▸ YOUR INSTRUCTIONS
Everything from the line containing "Posádka Apolla 13, zleva: Fred" through the last line of the data below should be set down exactly, and nothing else.
++++ THE DATA ++++
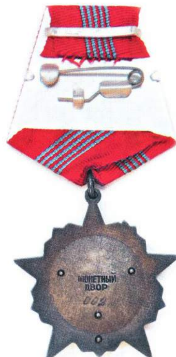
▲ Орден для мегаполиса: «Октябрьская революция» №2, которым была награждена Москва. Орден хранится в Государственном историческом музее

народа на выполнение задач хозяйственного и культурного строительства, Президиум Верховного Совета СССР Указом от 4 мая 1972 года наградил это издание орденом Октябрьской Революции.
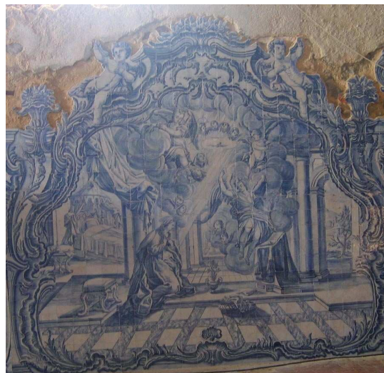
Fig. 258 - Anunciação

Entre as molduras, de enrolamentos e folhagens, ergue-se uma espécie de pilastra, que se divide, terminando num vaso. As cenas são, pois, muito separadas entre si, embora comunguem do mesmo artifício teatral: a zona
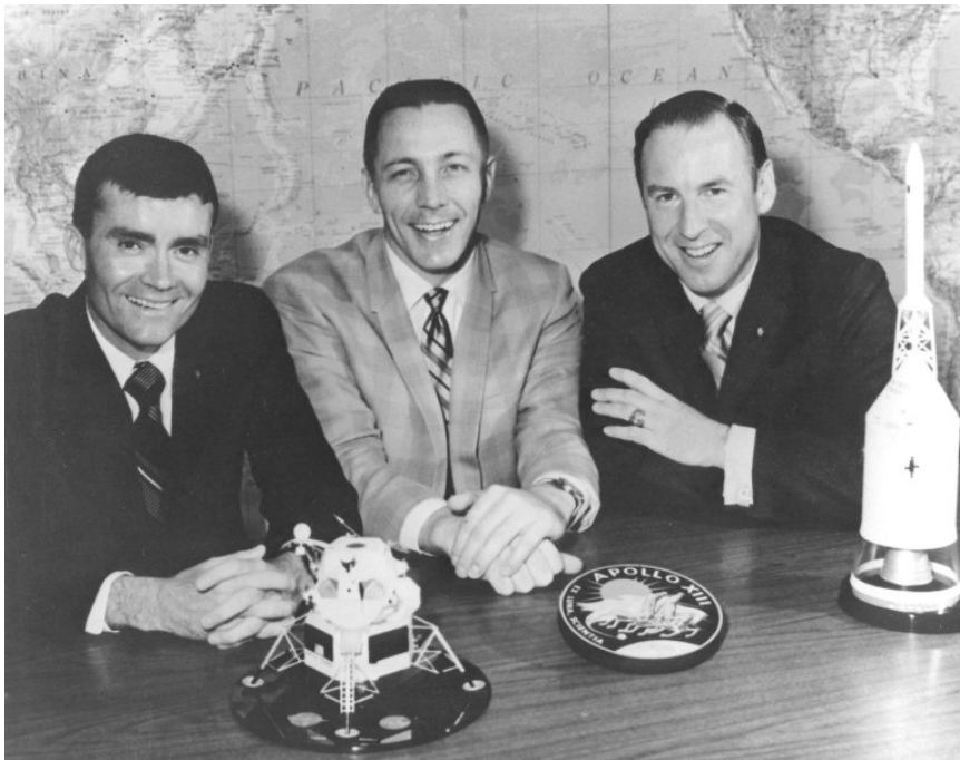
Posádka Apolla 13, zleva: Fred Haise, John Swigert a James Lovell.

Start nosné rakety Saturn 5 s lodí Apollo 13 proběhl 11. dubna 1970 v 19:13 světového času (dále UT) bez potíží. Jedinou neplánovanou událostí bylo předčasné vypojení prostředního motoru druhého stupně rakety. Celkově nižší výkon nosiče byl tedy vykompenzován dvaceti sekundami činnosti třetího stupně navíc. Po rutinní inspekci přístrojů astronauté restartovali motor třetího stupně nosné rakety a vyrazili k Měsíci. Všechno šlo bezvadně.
++++
▸ WRITTEN ANSWER
Posádka Apolla 13, zleva: Fred Haise, John Swigert a James Lovell.

Start nosné rakety Saturn 5 s lodí Apollo 13 proběhl 11. dubna 1970 v 19:13 světového času (dále UT) bez potíží. Jedinou neplánovanou událostí bylo předčasné vypojení prostředního motoru druhého stupně rakety. Celkově nižší výkon nosiče byl tedy vykompenzován dvaceti sekundami činnosti třetího stupně navíc. Po rutinní inspekci přístrojů astronauté restartovali motor třetího stupně nosné rakety a vyrazili k Měsíci. Všechno šlo bezvadně.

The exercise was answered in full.